Nextflow and AWS Batch – Inside the Integration (2 of 3)

In the first of this series of articles on Nextflow and AWS Batch, we looked at AWS Batch, describe some key concepts and explained the Nextflow execution model and user experience.

In this article second article, we provide a step-by-step guide explaining how to setup AWS Batch for use with open source Nextflow. We also take a deep-dive and explore some details of the integration.

In the third and final article in our series, we will look at Nextflow Tower - a collaborative command-post for Nextflow pipelines. We will show how Tower can fully automate the deployment of AWS Batch compute environments using Tower Forge.

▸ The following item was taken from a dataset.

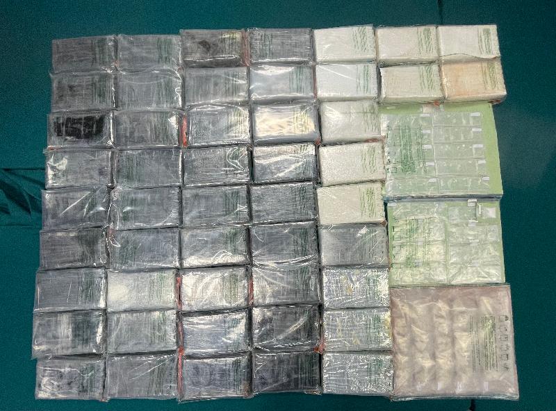 Customs officers then escorted the arrested man to a residential premises in the district. About 52kg of suspected cocaine and about 620g of suspected crack cocaine were found inside a safe. A small amount of suspected crack cocaine along with a batch of drug manufacturing and packaging paraphernalia were also found at other places in the premises.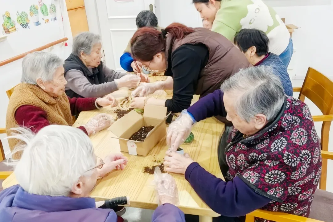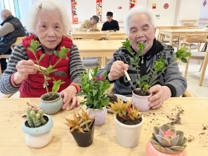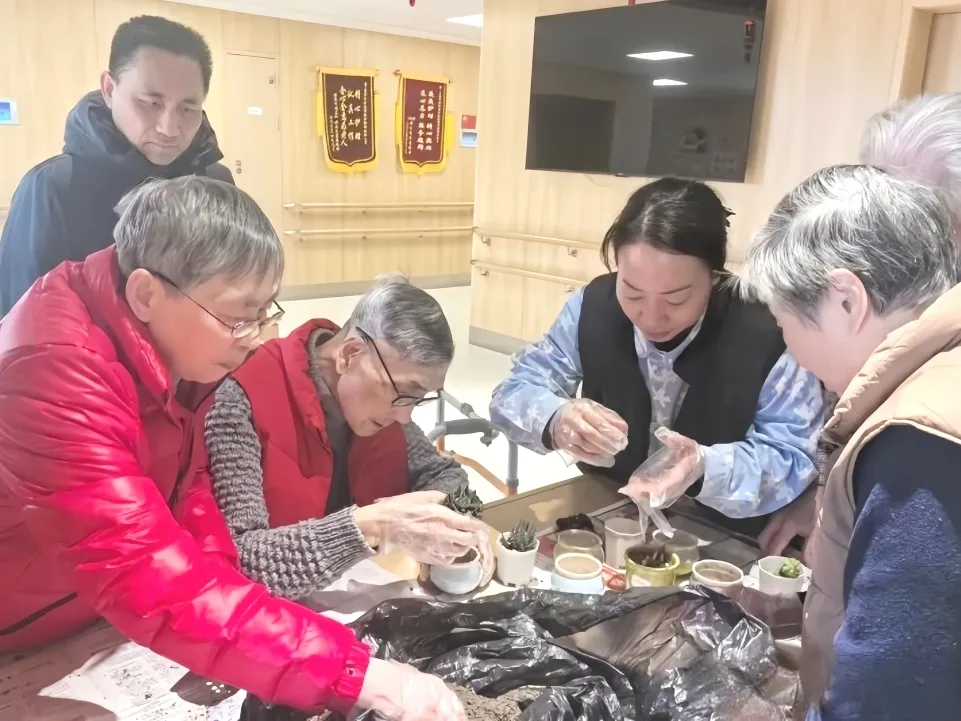 颐长敬老院精心组织了一场“指尖绿意,萌趣多肉”盆栽DIY活动,让老人们在方寸之间种下春日生机,收获指尖幸福。

Setting up AWS Batch for Use with Open Source Nextflow

There are several excellent guides that describe how to set up Nextflow to run with AWS Batch. A detailed step-by-step guide with screenshots along the way is offered by the State Public Health BioInformatics Group. Rather than reinvent the wheel we describe the high-level steps involved in configuring AWS Batch below. Additional details can be found by consulting the guide above or reviewing the Nextflow AWS Batch documentation.

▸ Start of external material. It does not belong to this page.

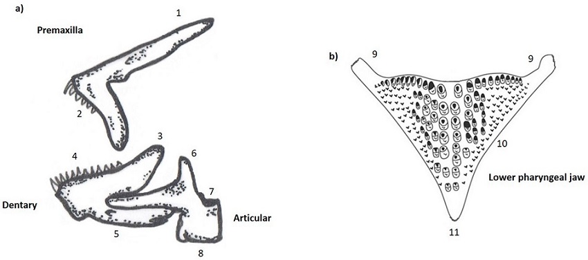 Morphological characters related to feeding are useful discriminant characters in cichlids (Trewavas, 1983; Witte & van Oijen, 1990). Similar to other groups of fishes, the ecological diversification of cichlids has involved resource partitioning. In this process, the adaptive capacity of trophic morphology is crucial and includes form, function, and behavior (Burress, 2015). The trophic morphology of cichlids is closely related to the exploitation and partitioning of food resources, which are potential mechanisms for ecological divergence (Albertson et al., 2003a, b; Hulsey, 2009). Several functional morphological studies have shown that the shape of bone structures of the trophic apparatus can determine biomechanical performance in relation to the capture and processing of food (Albertson & Kocher, 2001; Albertson et al., 2003a; Meyer, 1989; Waltzek & Wainwright, 2003). The traits of these feeding structures have been used to taxonomically discriminate several genera and species of fish, including cichlids (Kassam et al., 2004; Trewavas, 1983; Witte & van Oijen, 1990; Witte & Witte-Maas, 1987). Moreover, features such as the shape and number of teeth in the lower pharyngeal jaw (LPJ) and oral jaw have traditionally been included in descriptions of Neotropical and African cichlids (Alonso et al., 2019; Oliver, 2018).

  1. Setup an AWS IAM user with programmatic access. You will need to define an AWS Identity and Access Management (IAM) user with appropriate credentials to connect to AWS Batch in the AWS web console. In our example, we created a user called "nextflow-user".
  2. Create a Nextflow IAM User Group. Next, create an IAM User Group ("nextflow-group") and add the "nextflow-user" created above to the group. Attach the security policies to the group necessary to use AWS Batch with Nextflow as described in the Nextflow documentation. Some of the internet guides and tutorials suggest enabling "full access". While this is OK to get things working initially, it is a better practice to circle back once the integration is working and adjust security policies attached to the group and grant only the minimum set of permissions required to run a Nextflow pipeline.
  3. Download and save the IAM Secret Access Key. After creating the IAM credentials, you can download a CSV file containing a confidential Access key ID and a Secret access key. Save these credentials in a safe place, because you will need to use them later – either placing them in the nextflow.config file, or better, using the aws configure command to configure your client environment. Using aws configure is better because it avoids having credentials appear in the nextflow.config file in plaintext where they may be visible to others.
  4. Create a Role for running EC2 Spot Instances. Most users will want to use EC2 Spot Instances to save compute costs. You can create an AmazonEC2SpotFleet role and attach the permission policy AmazonEC2SpotFleetTaggingRole as explained in the Nextflow documentation.
  5. Create a custom AMI for use with AWS Batch. Nextflow tasks submitted to AWS Batch will run under the Amazon Elastic Container Service (ECS). ECS needs a base EC2 image that includes Docker to support the containerized workloads. ECS uses an Amazon ECS-Optimized Amazon Linux AMI with Docker pre-installed by default. The Nextflow integration requires that the AWS CLI be accessible from within containers running on ECS to facilitate data movement to and from Amazon S3 buckets. While it is possible to install the AWS CLI in the containers used in the workflow, this can create extra work and inhibit portability. Most containers used in Nextflow pipelines won't have the AWS CLI preinstalled. it is a better idea to create a custom AMI based on the default Amazon ECS-Optimized image that includes the AWS CLI. You can install the AWS CLI in the machine image using miniconda as explained in the Nextflow documentation. You will need to record the path to the aws command since this path needs to be specified in the nextflow.config file so that Nextflow knows where to find the aws command to stage data.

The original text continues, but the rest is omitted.